Exercise 18.5.2: Add Resumption to the Loop Coding

Extend train_model to support crash recovery. Save a full checkpoint (model, optimizer, scheduler state dicts, and epoch) every epoch to last.pt, and at startup, if last.pt exists, reload all four and resume from the saved epoch. Verify correctness by training for five epochs, killing the process, restarting, and confirming the loss continues smoothly rather than spiking, which would indicate the optimizer momentum buffers were not restored. Explain why restoring the optimizer state, not just the model weights, is necessary for a clean resume.

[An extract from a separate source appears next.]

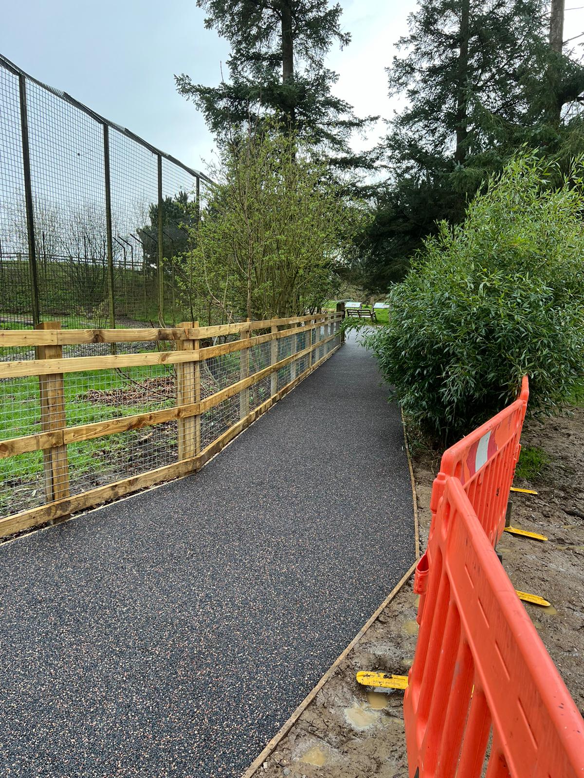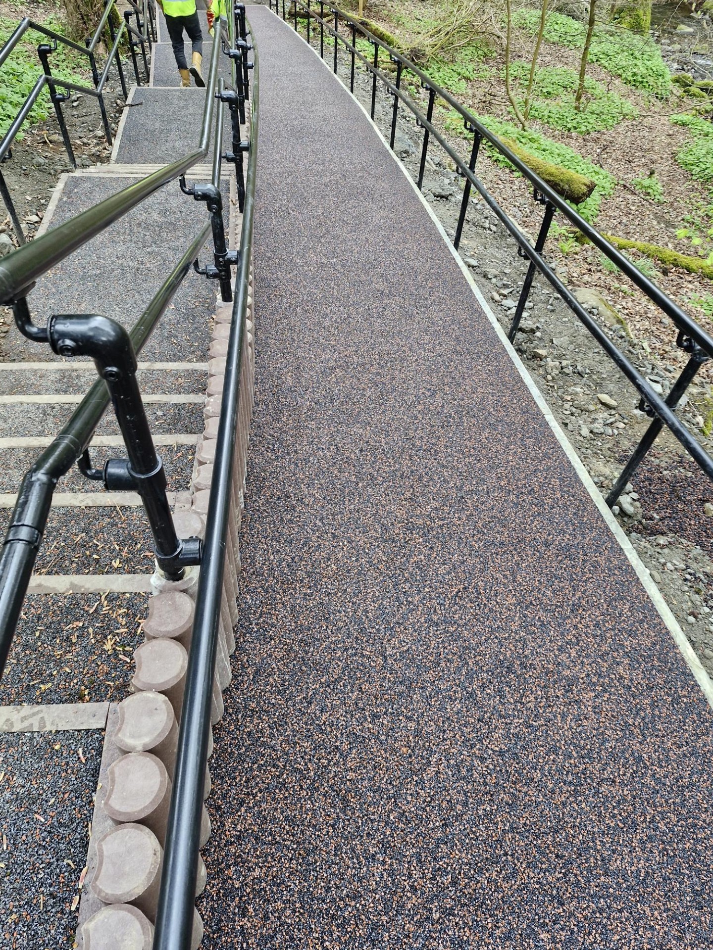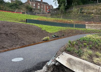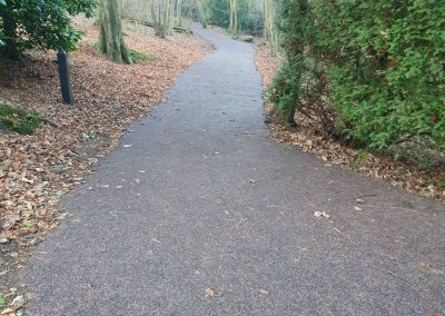 Originally developed for areas containing trees under protection order. Trailflex allows for up to 90 degree flexibility without compromising weight loading or strength, making the finished surface adaptable in physical form therefore removing any risk of root intrusion and subsequent cracking. Trailflex is suitable for use in public realm spaces by reducing trips and falls subsequently providing a pleasant surface on which to walk. Due to the shock absorbent qualities of the surfacing it can also reduce the risk of potential injury from falling to cyclists and pedestrians.
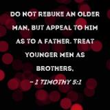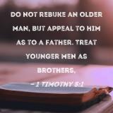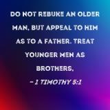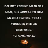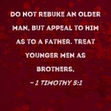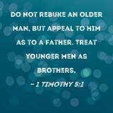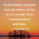 Do not rebuke an older man, but appeal to him as to a father. Treat younger men as brothers,

Exercise 18.5.3: Loss Down, Metric Flat Analysis

Construct an imbalanced binary dataset (95 percent class 0). Train the chapter's MLP and log both the cross-entropy loss and three metrics each epoch: accuracy, class-1 recall, and class-1 F1. Produce a run where the loss falls steadily and accuracy stays high while class-1 recall stays near zero. Explain why minimizing cross-entropy can drive the loss down without improving the metric you care about, and state what change to the data pipeline (link to Section 18.4) or the loss would break the pathology.